This could be the world’s most remote tourist destination

People are paying about R30 000 to visit a tiny shard of rock in the middle of the ocean.


Would you spend R30 000 for the chance to sit on a wet island, on a flat surface roughly the size of a single bed in the middle of the ocean for twenty minutes? It sounds like pure craziness, but a tour to Rockall island, some 400kms west of Scotland, allows tourists to do just that, and it’s sold out.

In early May 2020, 18 tourists and around seven crew members will board a 1918 tall ship to be the first public tour group to visit Rockall where they will put on wetsuits, boots, and floatation devices before climbing onto the rock, which is said to be extremely slippery due to being covered by bird excrement.

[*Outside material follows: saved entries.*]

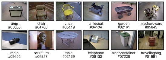 Redwood consists of 10,933 RGB-D video images taken in a variety of scenes and 441 3D mesh models. There are 44 different categories of scenes, such as chairs, tables, sculptures, and plants. The RGB-D video images were taken by non-experts in computer vision, and many of them contain low-quality frames and poor-texture regions. Therefore, it is difficult to reconstruct 3D shapes from the multi-view images in Redwood using MVS due to external factors such as motion blur, noise, poor-textured objects, and illumination changes. In our experiments, we use 12 scenes: “amp#05668”, “chair#04786”, “chair#05119”, “childseat#04134”, “garden#02161”, “mischardware#05645”, “radio#09655”, “sculpture#06287”, “table#02169”, “telephone#06133”, “travelingbag#01991”, and “trashcontainer#07226” as shown in Figure 3. We extract 11 frames from the RGB-D video image of each scene, and use the RGB image with 640 × 480 pixels of each frame as the input and the depth map as the ground truth for accuracy evaluation. The camera parameters for each viewpoint used in all the depth map estimation methods are estimated by SfM in COLMAP [13].
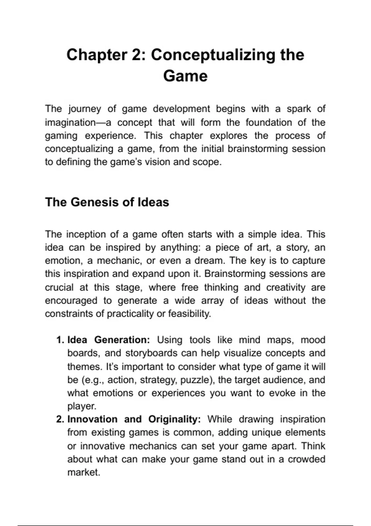 Description: The process of brainstorming and defining the game's vision and scope. Keywords: conceptualizing, brainstorming, game vision, scope Questions: How do you conceptualize a game?, What is involved in defining a game's scope?
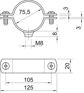 Schraub-Abst.schelle 2 1/2 Zoll mit M8-Gewinde
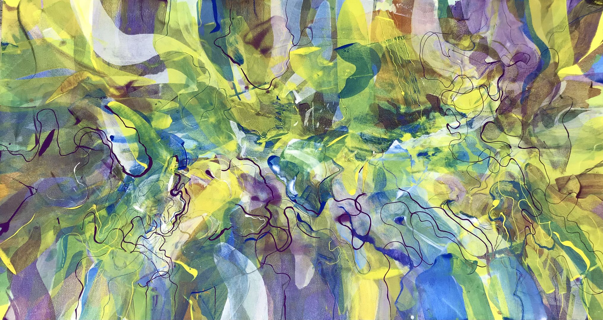 Tumbling, oil on canvas, 48x 90 inches

“It is a pretty barren place and you can’t really move around too much,” tour leader Nick Hancock told The Sunday Post. “The main ledge is about the size of a large single bed. There is another flat area on the summit which is about half that size”.

Only some two hundred people have ever visited the volcanic shard in the million of the sea and those who do clamber ashore will immediately become members of the “exclusive” Rockall Club, which was founded in 2012 in celebration of the 40th anniversary of Rockall joining Scotland.

The island is said to be windy, rainy, slippery and freezing cold, but Lupine Travel is tentatively planning a second trip for  $2,220 (R32 000) in May and June of 2022.